## Raw data
-*-

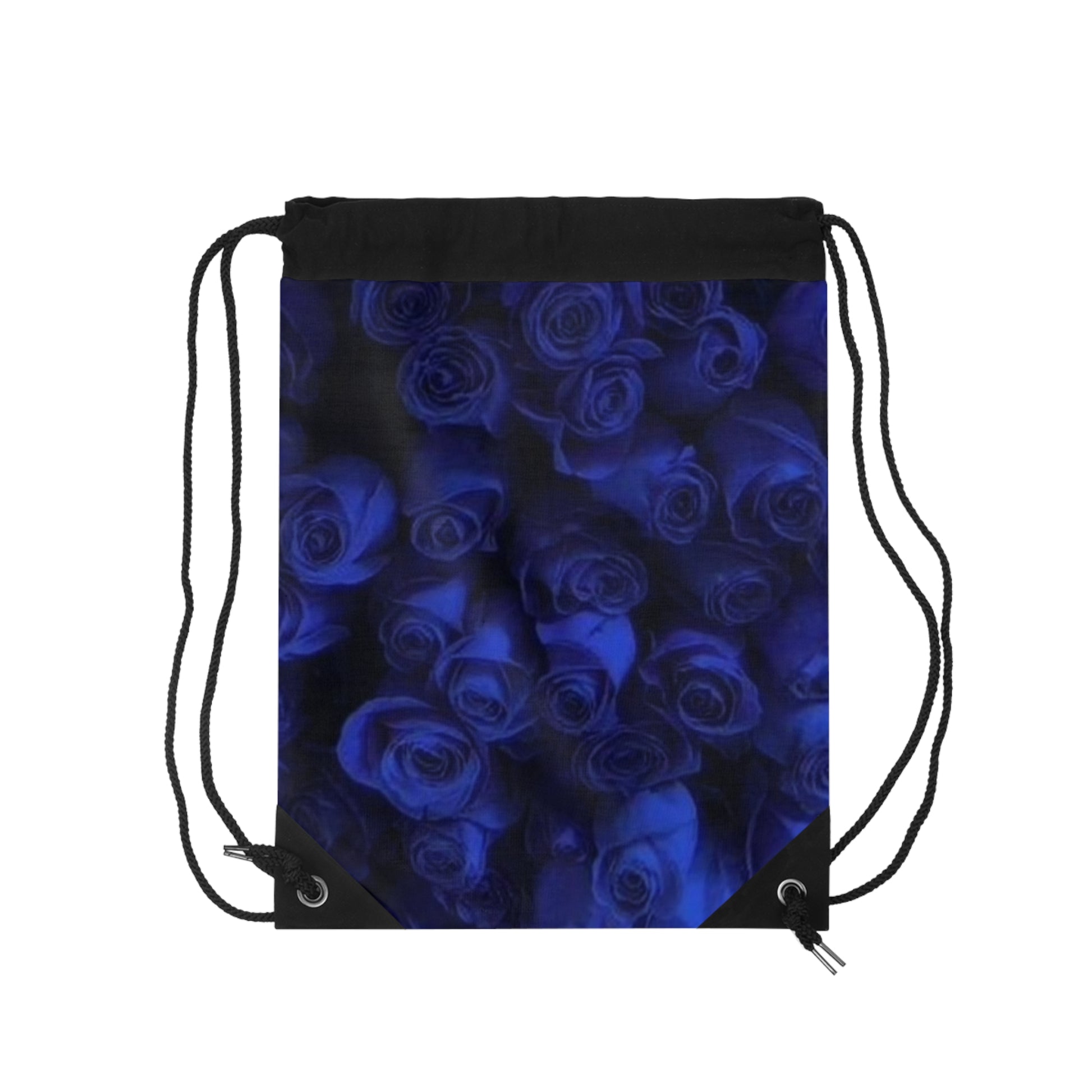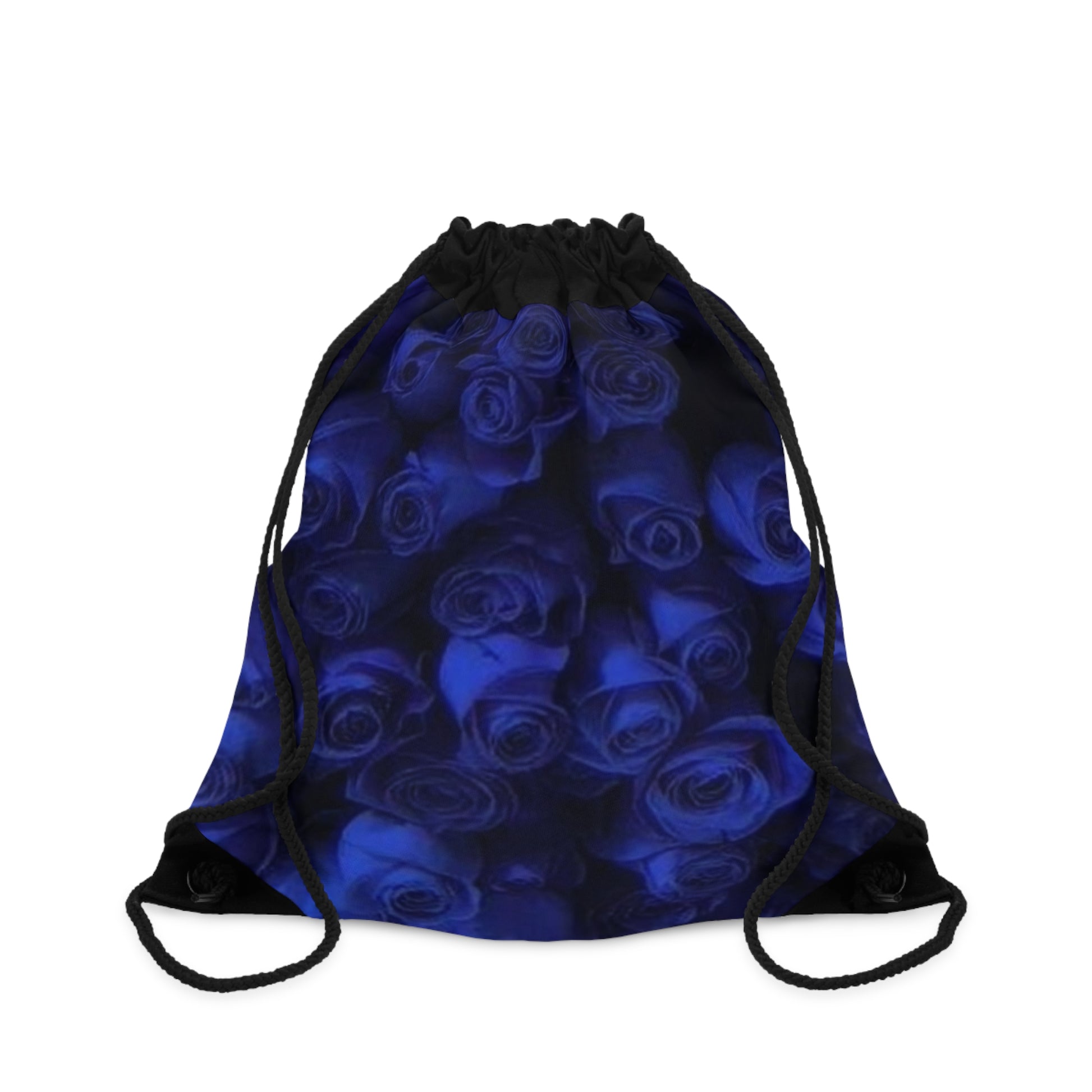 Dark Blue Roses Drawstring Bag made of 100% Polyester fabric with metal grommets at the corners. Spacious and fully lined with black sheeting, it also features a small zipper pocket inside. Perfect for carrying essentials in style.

-*-

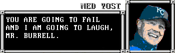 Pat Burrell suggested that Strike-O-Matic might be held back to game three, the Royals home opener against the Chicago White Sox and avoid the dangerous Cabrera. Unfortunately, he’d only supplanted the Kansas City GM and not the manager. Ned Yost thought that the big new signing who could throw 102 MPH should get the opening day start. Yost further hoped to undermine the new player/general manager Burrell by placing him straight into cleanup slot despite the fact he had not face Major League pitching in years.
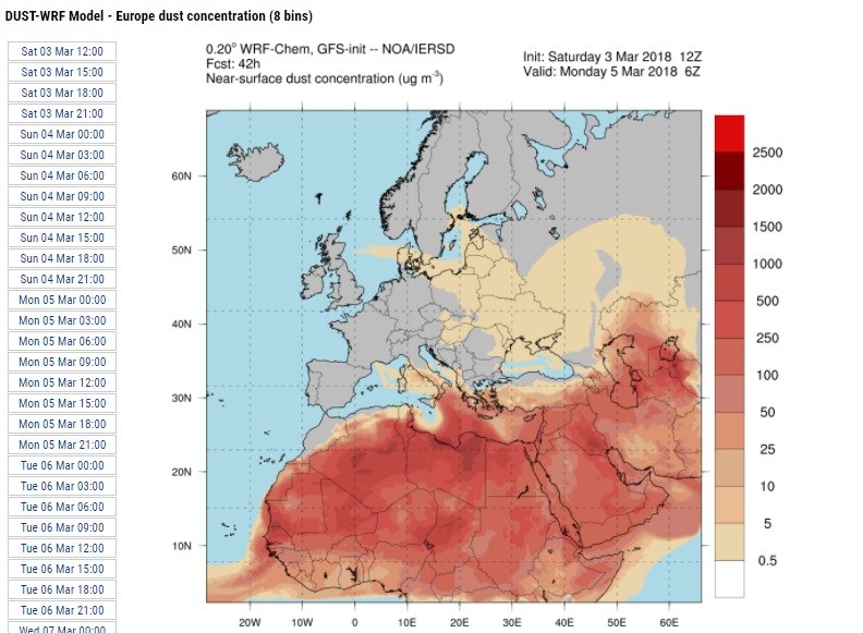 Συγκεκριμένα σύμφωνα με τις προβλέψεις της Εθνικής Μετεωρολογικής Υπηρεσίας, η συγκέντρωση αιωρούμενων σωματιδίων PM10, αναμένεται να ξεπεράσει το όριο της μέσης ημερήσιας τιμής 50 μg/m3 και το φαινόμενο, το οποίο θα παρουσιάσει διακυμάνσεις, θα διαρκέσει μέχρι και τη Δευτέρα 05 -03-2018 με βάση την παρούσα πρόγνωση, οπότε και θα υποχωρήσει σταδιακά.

-*-

## Action item
Repeat exactly the stretch of the listing above that starts with the line holding "Pat Burrell suggested" and finishes with the line holding "Συγκεκριμένα σύμφωνα με", both included. Skip every picture.

## Result for this exercise
 Pat Burrell suggested that Strike-O-Matic might be held back to game three, the Royals home opener against the Chicago White Sox and avoid the dangerous Cabrera. Unfortunately, he’d only supplanted the Kansas City GM and not the manager. Ned Yost thought that the big new signing who could throw 102 MPH should get the opening day start. Yost further hoped to undermine the new player/general manager Burrell by placing him straight into cleanup slot despite the fact he had not face Major League pitching in years.
 Συγκεκριμένα σύμφωνα με τις προβλέψεις της Εθνικής Μετεωρολογικής Υπηρεσίας, η συγκέντρωση αιωρούμενων σωματιδίων PM10, αναμένεται να ξεπεράσει το όριο της μέσης ημερήσιας τιμής 50 μg/m3 και το φαινόμενο, το οποίο θα παρουσιάσει διακυμάνσεις, θα διαρκέσει μέχρι και τη Δευτέρα 05 -03-2018 με βάση την παρούσα πρόγνωση, οπότε και θα υποχωρήσει σταδιακά.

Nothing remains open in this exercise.